I understand that the gist of it is that there should be more than one item at any given indentation level. That's fine.

But the article is messy. The Right/Wrong alternation in the first section is confusing; it starts with a Right that has no corresponding Wrong, then alternates Wrong/Right pairs that aren't explicitly grouped.

And the first mention of Thread Mode is in an explanation of a Wrong example—the introductory paragraph explaining what Thread Mode is and why not to use it doesn't appear until the end of the page.

The Trope Description section assumes that the reader has read the "works page" section, which the reader may not have done if they're not interested in works pages.

The Trope Description section also doesn't contain examples, and says things like "Singles on one bullet and multiples on two"—which doesn't make any sense by the usual English use of the term "bullet." Apparently in most of this article, "bullet" means "the asterisk that you type to indicate an indentation level in a bulleted list in wiki markup" rather than "the little circle that marks the start of a new item in a typeset bulleted list". That may be obvious to an experienced wiki editor, but it's confusing to a newbie.

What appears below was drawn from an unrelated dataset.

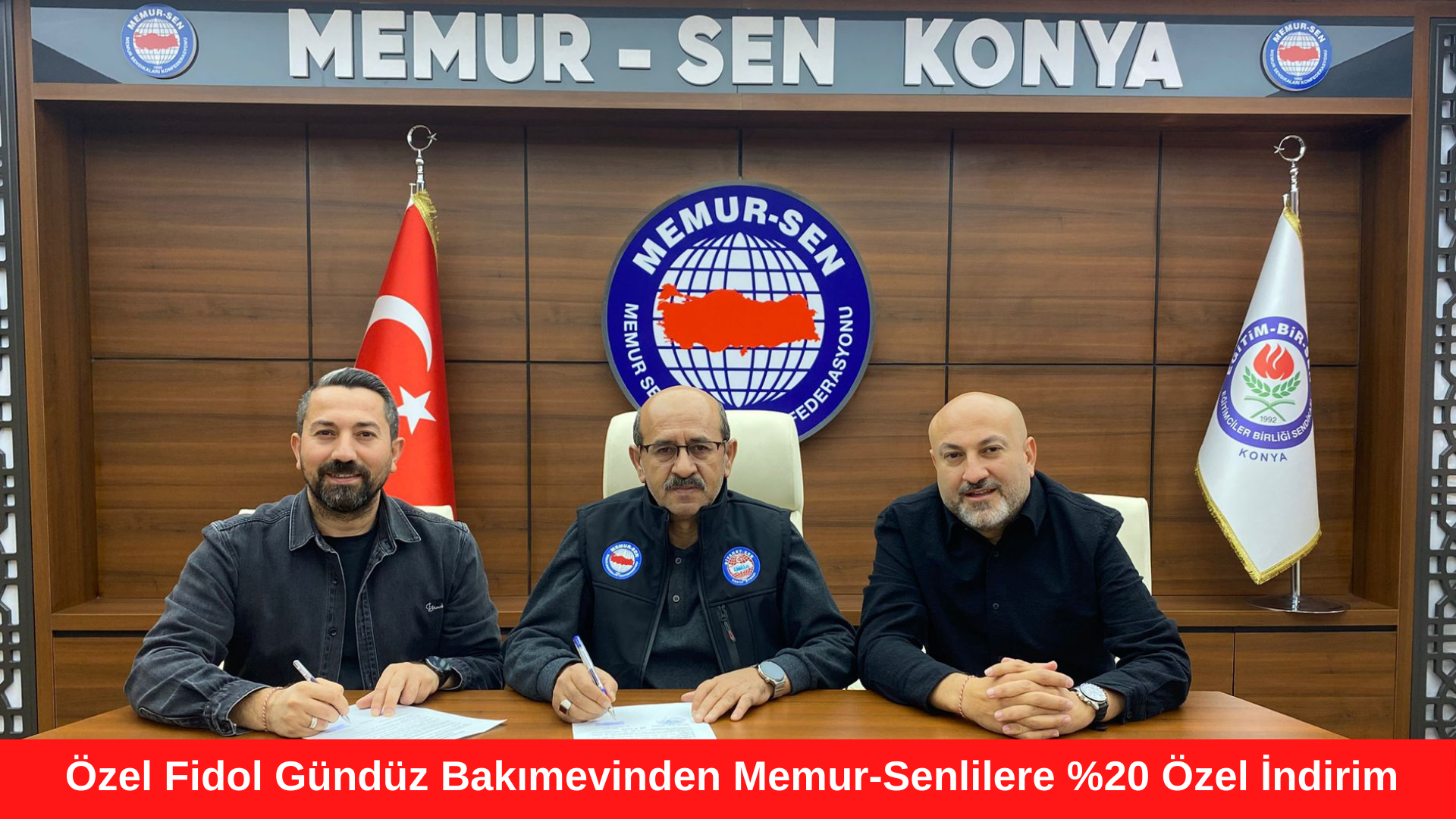 Memur-Sen Konya İl Başkanlığında imzalanan özel indirimli hizmet sözleşmesine Memur-Sen İl Başkan Vekili Ali Koç ile Özel Fidol Gündüz Bakımevi Kurucusu Ersin Topal katıldı.

And finally, the note at the bottom says "These are the rules of English, folks." That's just weird. For example, it's not a rule of English that you shouldn't have a third level of indentation because that indicates a discussion rather than a list.

But even the idea that you can't have only one item at a particular level of indentation isn't exactly "the rules of English." I would say it's more of a generally agreed-upon stylistic choice.

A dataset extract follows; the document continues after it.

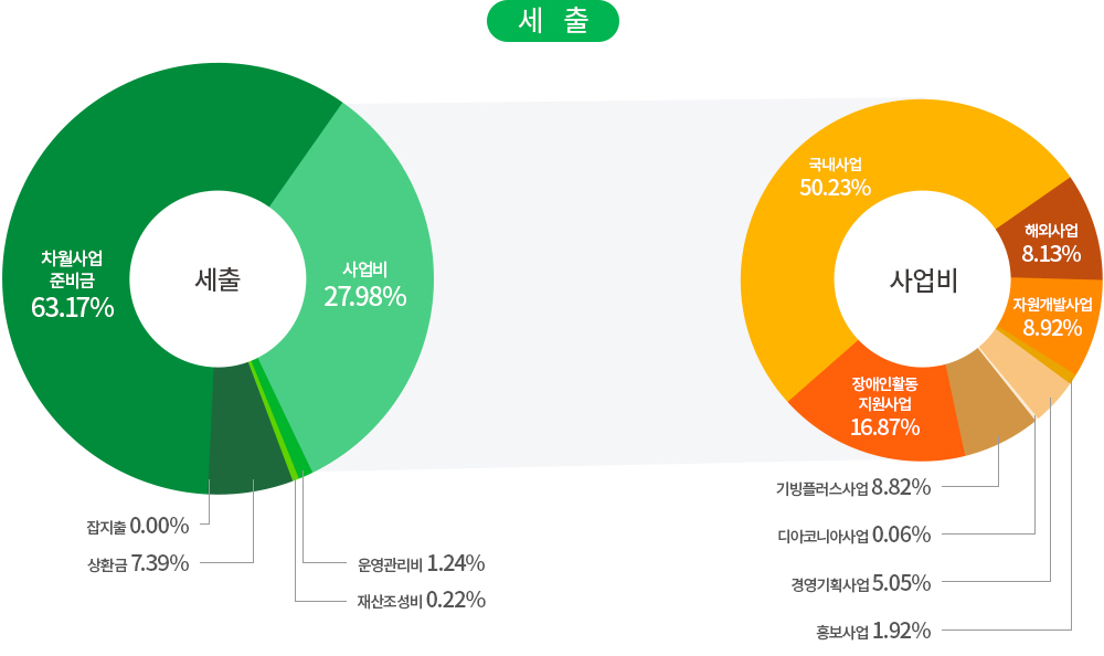 | 사업비 | 국내사업 | 국내아동결연 및 보육, 장애인의료 및 교육지원, 저소득가정지원, 다문화가족지원, 노인복지사업, 지역사회복지사업, 인식개선사업, 발달장애인주간활동서비스 |

In short, this article could really use editing/cleanup. I would do it myself, except that I'm not entirely sure what various parts of it mean or why they're there, so I suspect I would mess things up.
MrDeath
02:12:20 PM Dec 30th 2010
Yeah, honestly I can't make heads or tails of this page. Which makes the editing reasons on other pages like, "Example Indentation in Trope Lists, read it" even more annoying than they already are. This needs a major rewrite.
FastEddie
moderator
02:19:14 PM Dec 30th 2010
I whittled on it.
MrDeath
02:22:19 PM Dec 30th 2010
That's much better, thanks.
suedenim
07:11:03 AM Dec 31st 2010
Looks good! Now if only we could get anyone to actually follow it....
SeptimusHeap
05:55:44 AM Jan 5th 2012
And we need an explanation as to how to correctly use third bullets. This page has little (if any) explanation for that.
troacctid
12:49:03 PM Jan 5th 2012
It would be something like

  • In X-Men:
    • Storm does this a lot:
      • Example 1
      • Example 2
      • Example 3
    • Cyclops:
      • Example 1
      • Example 2
    • Wolverine:
      • Example 1
      • Example 2
      • Example 3
      • Example 4
SeptimusHeap
02:19:00 PM Jan 5th 2012
Ah, that makes sense. I already do it like that, but it really should be added to the page.
66.245.95.156
topic
11:17:41 AM Aug 30th 2010
I'm not seeing a difference between the first "wrong" and the "right" that immediately follows it.
FastEddie
moderator
11:42:36 AM Aug 30th 2010
edited by FastEddie
The example in the 'wrong' is on the same line as the trope name, which is fine if it is the only example. When the second example was added as a bullet point, the first example should have gotten a bullet, too.

It's a very simple rule: There should never be just one item at a particular level of indentation.